I've heard this from alot of dudes in the past, but recently have been experiencing it myself. It's only with pressing movements, military's, bench press, etc. That i get this tight pain between my front and anterior delt. The pain usually starts on the way down. What are some remedies for this, cause I know it's not an injury, but i don't want it to evolve into one. I've been on a 2 month layoff from training and was just warming up with the bar itself lol, and felt a tight little pain, so it's not that i'm lifting heavy. Any suggestions ?
Probably hurts all the time now due to bad form when pressing--and by press I mean 'militaries'.

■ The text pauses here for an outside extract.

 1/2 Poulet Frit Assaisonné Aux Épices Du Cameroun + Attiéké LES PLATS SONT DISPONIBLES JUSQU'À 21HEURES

First fix your form, then focus on recovery through standard methods.
How do you fix your form? Well, I could discuss how poor pressing leads to shoulder impingement, and how we avoid it, but it would basically just be a summary of this article. Read it.

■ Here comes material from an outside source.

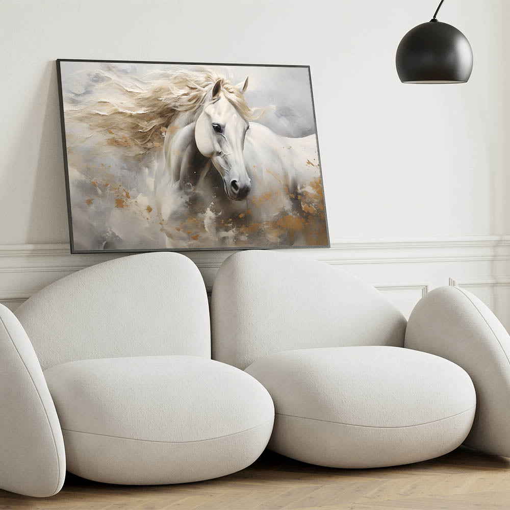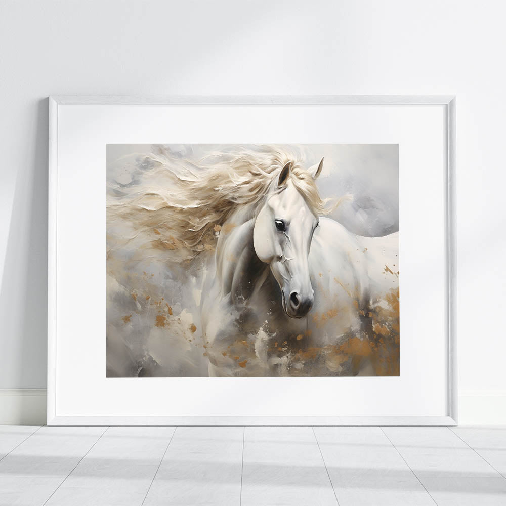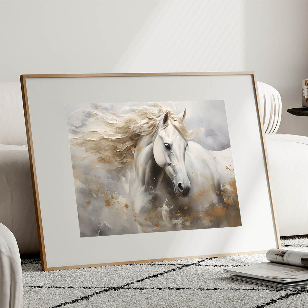 Add a touch of ethereal beauty to your space with this stunning white horse wall art, showcasing the elegance and grace of a majestic horse in motion. The soft brushstrokes and delicate color palette create a serene and captivating atmosphere, perfect for enhancing any room with a sense of calm and refinement.

Had an impingement myself, didn't start getting better until I started doing RTC exercises and going to therapy, then it healed up decently and as I started benching I realized I really had to keep my elbows tucked and scapula pulled back to keep strain off it, then other shoulder started having problems, different kind but now it is more due to flexibility, and I'm working on that.

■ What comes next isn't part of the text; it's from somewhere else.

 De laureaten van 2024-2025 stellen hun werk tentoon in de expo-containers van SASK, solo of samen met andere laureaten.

Try internal external rotation exercises with cables or dumbells, with elbow at your side and at 90 degrees from your body, then there are ball tosses and lots of other band exercises too.
Form is everything on all exercises. Both of my shoulders are weak from various reasons, but when pressing with poor form, it was worse. After reading up on proper form and checking my ego at the door, I'm progressing fine without any pain.
Give chalk a chance.
49 years old
I had to learn to "avoid" this pain as well. I saw an orthopedic surgeon who helped me figure out that most of it was bicep tendonitis, then I developed weak rotator cuffs. Learning to tuck more, performing external rotations and discontinuing "military pressing" fixed it. (I miss Military Pressing). Shrugs, Arnold presses and front, side, and rear laterals keep the shoulders covered.
95% of my shoulder impingement went away with a cortisone shot. Which was awesome. It was better in two hours. But then I didn't stretch or do the therapy and now its coming back. I'm working on it now. But flexibility, form, and proportionate strength are important in the shoulders.